The best possible plan is to use every appropriate test adjunctively to get the highest detection rates.
Who should have Breast Imaging?
All women can benefit from breast thermography screening. However, it is especially appropriate for younger women (30 - 50) whose denser breast tissue makes it more difficult for mammography to be effective. Also for women of all ages who, for many reasons, are unable to undergo routine mammography. This test can provide a 'clinical marker' to the doctor or mammographer that a specific area of the breast needs particularly close examination.
It takes years for a tumor to grow thus the earliest possible indication of abnormality is needed to allow for the earliest possible treatment and intervention. Thermography's role in monitoring breast health is to help in early detection and monitoring of abnormal physiology. Aggressive tumors grow because they have their own rapidly increasing blood supply. They get "wired" into the body's autonomic sympathetic nervous system and creates a thermal signature on the skin. The nitric oxide produced by actively growing cancer cells also has a thermal signature visible on the skin, both of which are visible in the thermogram as sensitive as 1/100th of a degree.
Breast cancers tend to grow significantly faster in younger women under 50.
Age Average Tumor Doubling Time
Under 50 80 Days
50 - 70 157 Days
Over 70 188 Days
Source: Cancer 71:3547-3551, 1993
The faster a malignant tumor grows, the more Infrared radiation it generates. For younger women in particular, results from thermography screening can lead to earlier detection and, ultimately, longer life.
Early Detection Guidelines
One day there may be a single method for the early detection of breast cancer. Until then, using a combination of methods will increase your chances of detecting cancer in an early stage. These methods include:
- Annual breast examination by your physician.

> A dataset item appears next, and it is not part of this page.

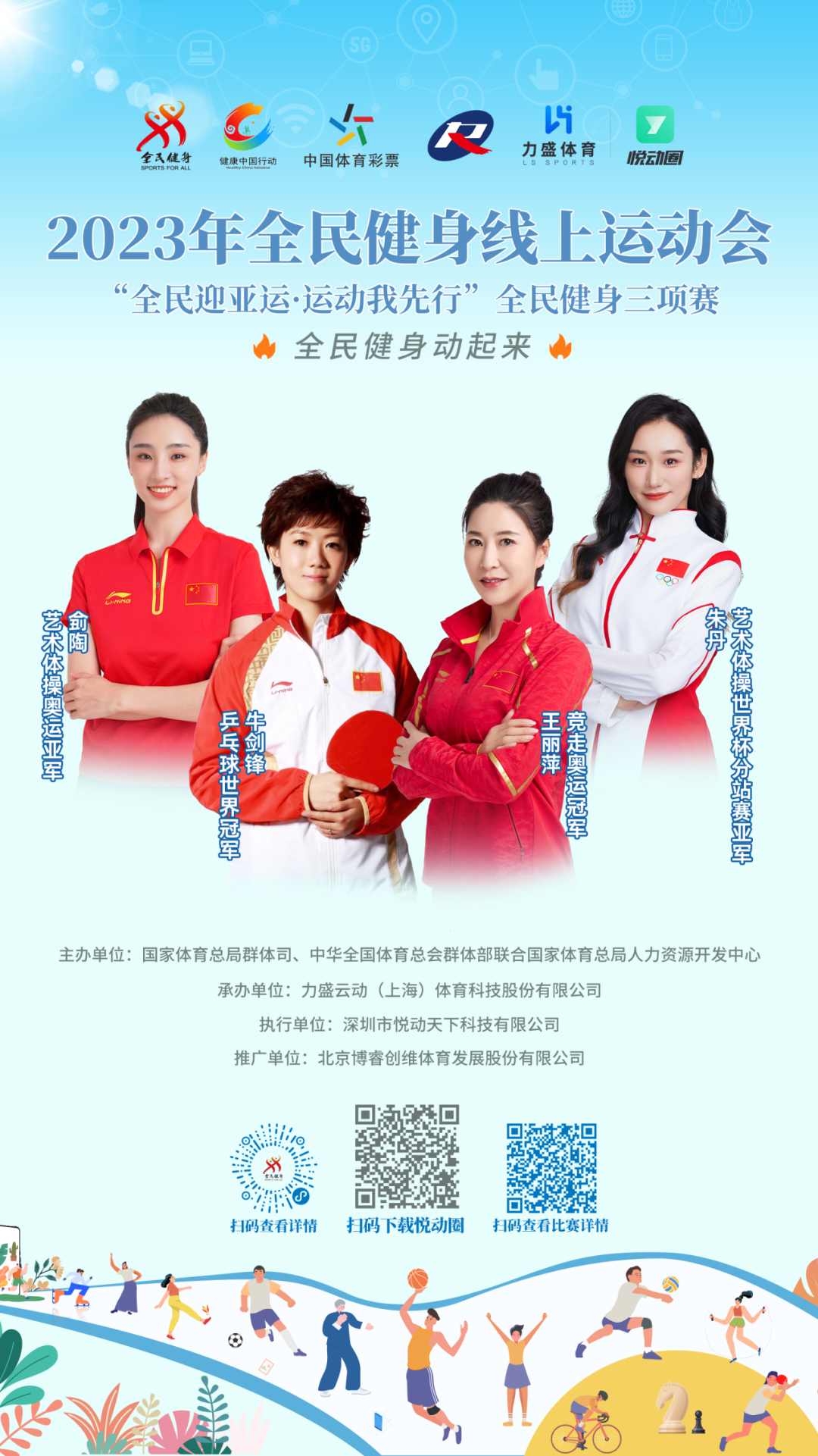 国家体育总局群体司、中华全国体育总会群体部联合国家体育总局人力资源开发中心主办,JBO官网云动(上海)体育科技股份有限公司承办,深圳市悦动天下科技有限公司执行的2023年全民健身线上运动会暨“全民迎亚运·运动我先行”全民健身三项赛(以下简称“三项赛”)将于8月8日“全民健身日”当天在“悦动圈”APP盛大开赛!

- Annual breast thermography screening for women of all ages.
- Mammography, when considered appropriate for women who are aged 50 or older and/or recommended by your physician.

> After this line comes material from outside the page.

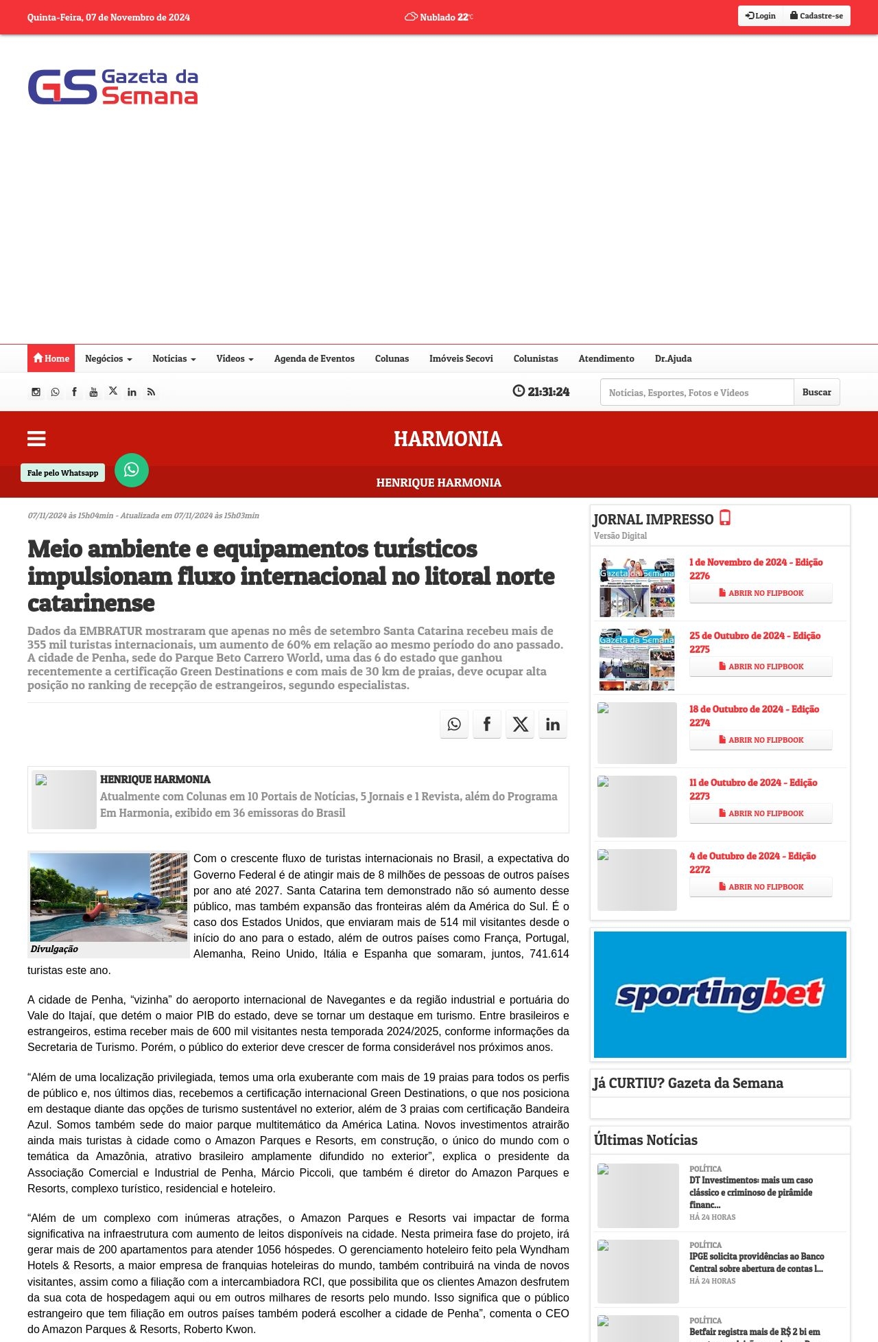 https://gazetadasemana.com.br/coluna/12997/meio-ambiente-e-equipamentos-turisticos-impulsionam-fluxo-internacional-no-litoral-norte-catarinense

- Personal awareness for changes in the breasts by monthly self breast examination.
- Readiness to discuss quickly any such changes with a doctor.

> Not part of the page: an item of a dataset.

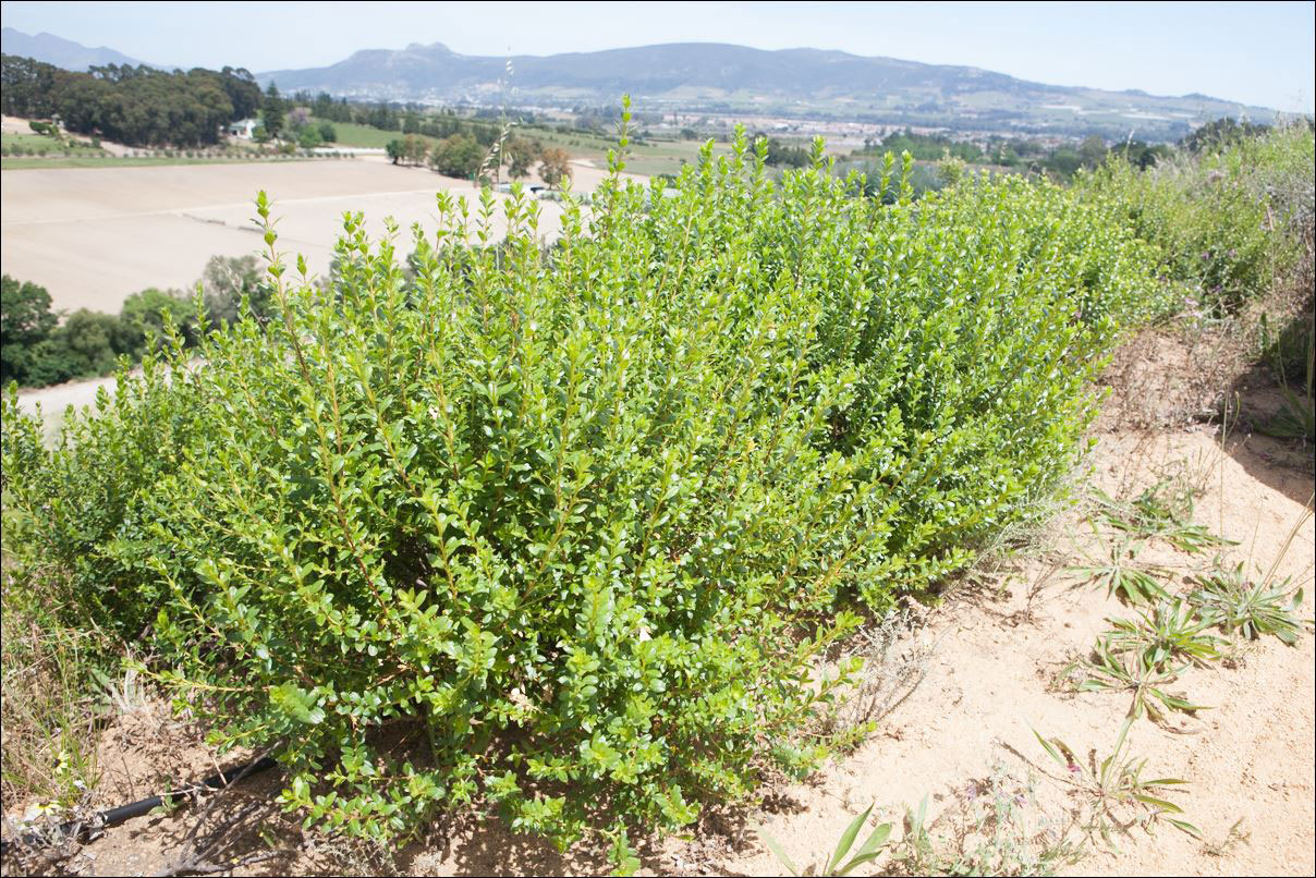 Buchu is an evergreen, multi-stemmed, aromatic, perennial re-sprouting woody shrub that normally grows about 2 m (6 ft. 7 in) tall. The plant is particularly adapted to dry conditions and can be found on sunny hillsides, on damp lower and middle slopes as well as valley. The herb is grown from cuttings in late summer and requires a lime-free, moisture-retentive but well-drained soil in a sunny position. Some plant species are well adapted to grow at either more acidic or more alkaline pH ranges. Branches are many, stiff and angular with smooth, red-brown to violet-brown barks. Twigs are covered with immersed oil-glands.

The best possible plan is to use every appropriate test adjunctively to get the highest detection rates
Inflammatory Breast Disease
Thermography is especially helpful in detecting Inflammatory Breast Disease (IBC). It is rare, but the most aggressive form of breast cancer and has a faster doubling time than other breast cancers. Doubling time is the time it takes for cancer cells to divide and grow. IBC makes up perhaps 3%- 6% of all breast cancers. IBC usually does not manifest as a tumor; it usually grows in nests or “sheets” in the breast. The cancer cells clog the lymph vessels just below the skin giving the classic symptoms of warmth and color changes to the skin. Mammograms and ultrasounds often miss IBC because there is no mass, no tumor. Because IBC has inflammation and heat, thermography is a test for detection of IBC.